Faced with the impossibility of equalizing salaries, SMEs are at the mercy of these professionals. “Twenty years ago, we were the ones who set the conditions. Now, the opposite happens. They are the ones who set schedules and conditions. Teleworking is taken for granted”, indicates Font. In fact, 15% of the offers in the digital sector that are published in Barcelona are already 100% remote, according to data from Talent Up.

Beyond salary conditions and work organization, small and large companies also highlight the importance of the project when it comes to attracting professionals. “If they are not convinced by the activity you develop, it will be difficult for them to choose you or stay for a long time. They have to feel aligned with the values”, says Gerard Esparducer, manager in Spain of Erni, a Swiss software firm, which advocates promoting the visa of non-EU technology professionals to fill the shortage of talent in the country.

The desperation of companies to retain them is shown in a long list of benefits that they have begun to offer. "We organize events, training, we give free food...", says Esparducer. There are even companies that offer unlimited vacations (see bottom piece).

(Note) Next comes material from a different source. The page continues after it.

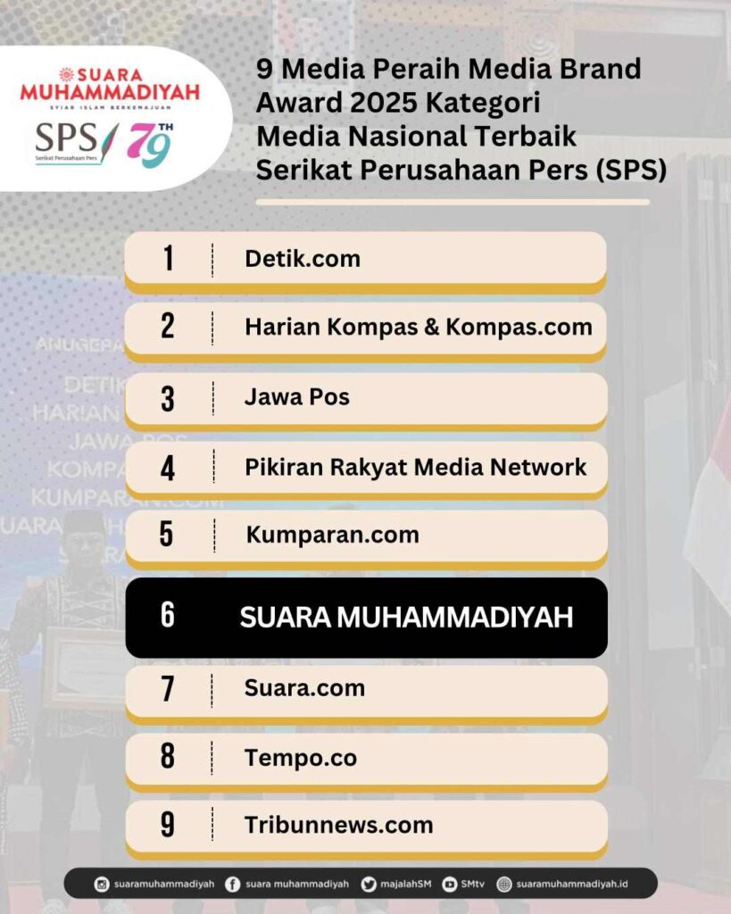 “Suara Muhammadiyah menjadi salah satu dari 8 media nasional papan atas yang terpilih sebagai Media Nasional Terbaik tahun 2025,” ungkapnya.

At The Knot Worldwide, a company specialized in organizing weddings, they have also launched a language training program and even a mental health care service. "For these workers, professional and personal life have merged," says Anna Bisart, Vice President of People at the company, which has an international hub in Barcelona.

But the efforts of the companies are of little use. The usual thing is that once inside, these workers stay less than two years, about 19 months on average, according to data from Talent Up. "It is increasingly common for them to enter a company to develop a specific project and when they finish it, they leave,” says Font.

The high turnover, points out the directive, gives them a "broad, versatile and competitive vision" but, at the same time, it means a waste of resources for companies. "You make a lot of efforts in training, especially the most junior talent, but they are in vain because the same professionals leave after a short time," laments Camprubí.

With this scenario, the battle for digital talent, whether junior or senior, has become one of the biggest concerns, if not the biggest, of all kinds of companies, both small and large, from technology sectors and also traditional ones. Nothing else is talked about in the business forums.

In Barcelona, ​​all kinds of programs and initiatives have emerged to combat the phenomenon. For example, this week, the MWCapital foundation, the Barcelona City Council and Acció (Generalitat) have brought together 300 foreign students with different multinationals that have hubs in the city. The Tech Barcelona association also organizes afterworks to connect young talent with companies. Likewise, the City Council has created training schools, such as Bcn Inclusive Coding, to train people at risk of exclusion.

The reskilling (retraining) of professionals is seen as one of the great solutions to the shortage of talent. Also the need to convince young people, especially women, to pursue STEM careers. generating technological talent is a giant opportunity to fight against unemployment.